The estimated fair value of the Company’s financial instruments has been determined by the Company, using available market information and valuation methodologies.  However, considerable judgment is required to develop the estimates of fair value; thus, the estimates provided herein are not necessarily indicative of the amounts that the Company could realize in a current market exchange.

 

The carrying amounts of cash, receivables, accounts payable and accrued expenses approximate fair value because of the short-term nature of these instruments. Additionally, the carrying value of our long-term debt approximates fair value due to the variable nature of applicable interest rates and relative short-term maturity.
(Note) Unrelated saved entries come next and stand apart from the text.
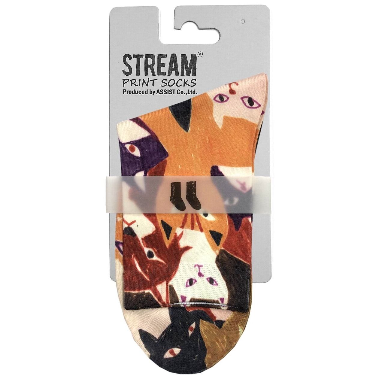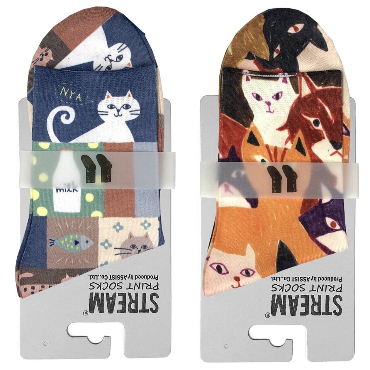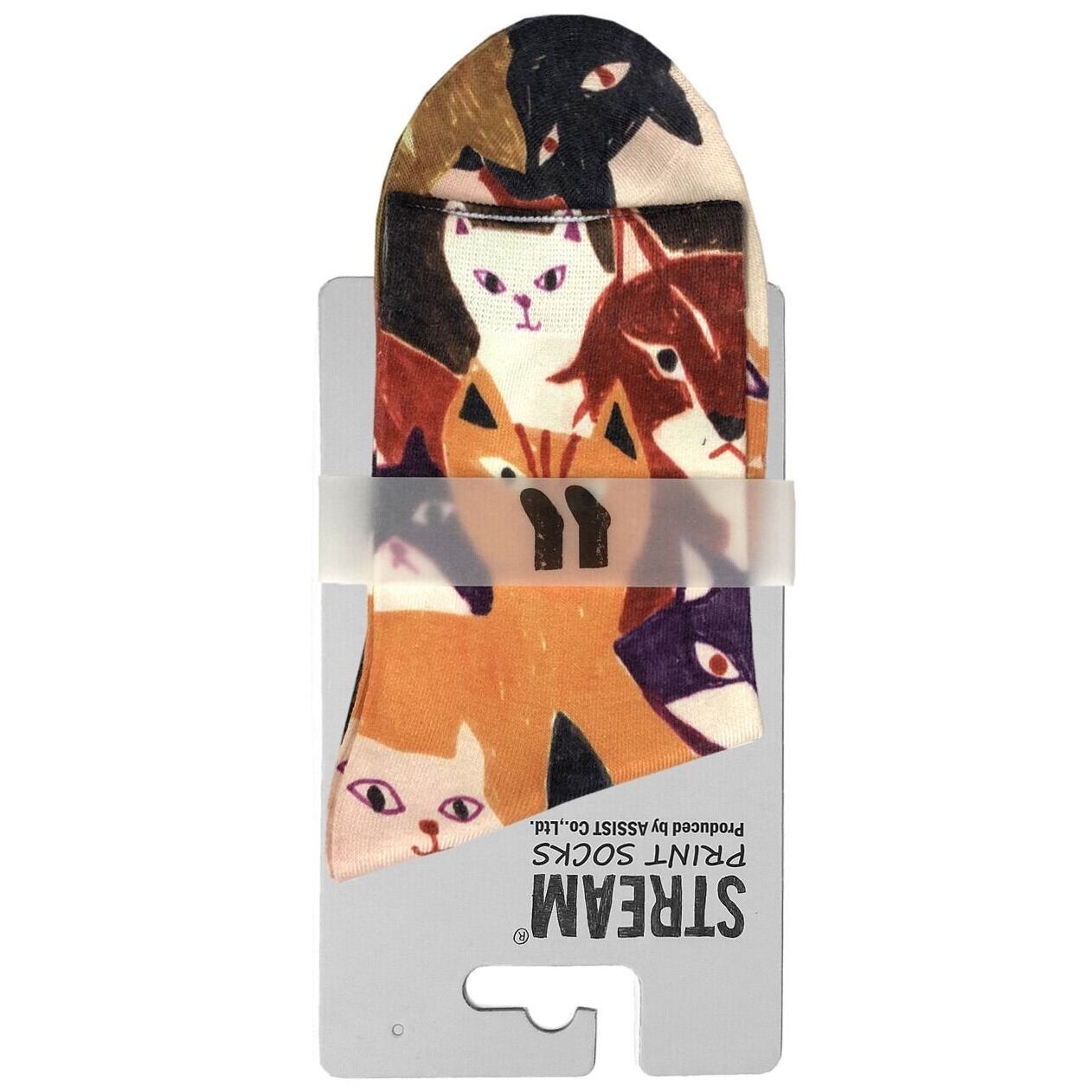 ブランド STREAM 婦人みつめる猫達プリントクルーソックス
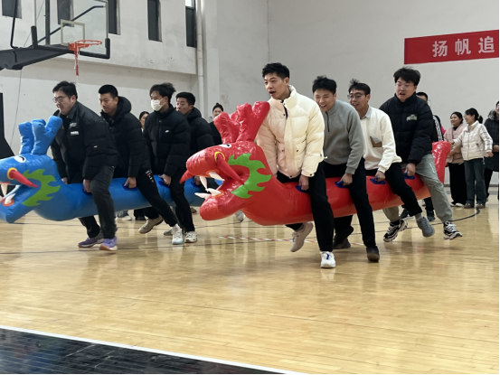本届教职工趣味运动会设置锣送祝福、一掷千金、后起之秀、金猪拱门、猛龙过江、麻姑掷豆共六个项目同时开场,既有个人项目,又含团队项目。六个游戏参赛教职工聚精会神、通力合作、默契十足。现场呐喊声、加油声、欢笑声不绝于耳,将比赛气氛推向一个又一个高潮。紧张且有趣的比赛项目充分展现了教职工们拼搏向上的精神,也增强了团结协作的集体意识。
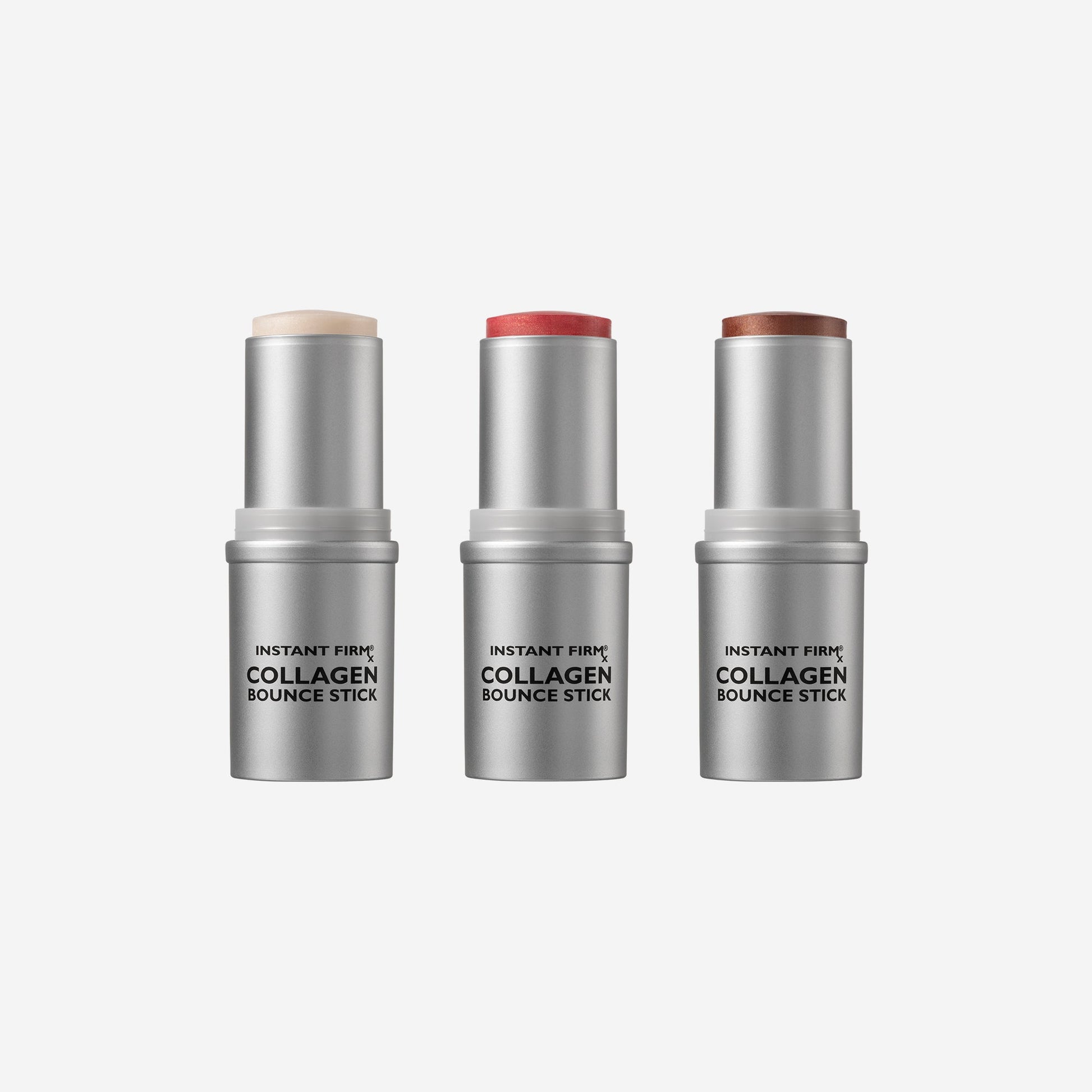 Bounce and glow in every shade with this trio of Instant FIRMx® Collagen Bounce Sticks. Infused with a 10% Collagen Complex, these advanced multi-use sticks are clinically proven to improve the look of skin elasticity instantly and over time,* and deliver long-term firming and plumping benefits with continued use.

Change in Accounting Estimate of Depreciable Life of Monarch Black Hawk Parking Structure

Change in Accounting Estimate of Depreciable Life of Monarch Black Hawk Parking Structure:

 

In December 2013, the Company began construction of a new parking facility at Monarch Black Hawk.  The new parking facility is estimated to be completed on March 31, 2015.  Upon completion of that new structure, the Company plans to demolish the existing parking structure.  At December 31, 2013, the existing parking structure had a net book value of approximately $4.8 million and a remaining depreciable life of approximately 37 years.  In accordance with ASC 250-10-45-17, effective January 1, 2014, the Company modified the estimated depreciable life of the existing parking structure to 15 months; the period from January 1, 2014 through the estimated demolition commencement date of March 31, 2015.  As a result of this modification to the estimated depreciable life, annual depreciation expense of the existing garage structure will increase by approximately $312 thousand per month ($202 thousand net of tax) for the period from January 1, 2014 through March 31, 2015. The effect of this change in estimate was an increase of depreciation expense by $936 thousand, a decrease of net income by $605 thousand and a decrease of basic and diluted earnings per share by $0.04 for the three months ended March 31, 2014.

Segment Reporting

Segment Reporting:

 

Effective first quarter of 2014, the Company updated its segment reporting analysis and determined that two of the Company’s operating segments Atlantis and Monarch Black Hawk meet all of the aggregation criteria stipulated by ASC 280-10-50-11. The Company views each property as an operating segment and the two operating segments have been aggregated into one reporting segment.  The March 31, 2013 interim financial information has been reclassified to be consistent with the current year presentation.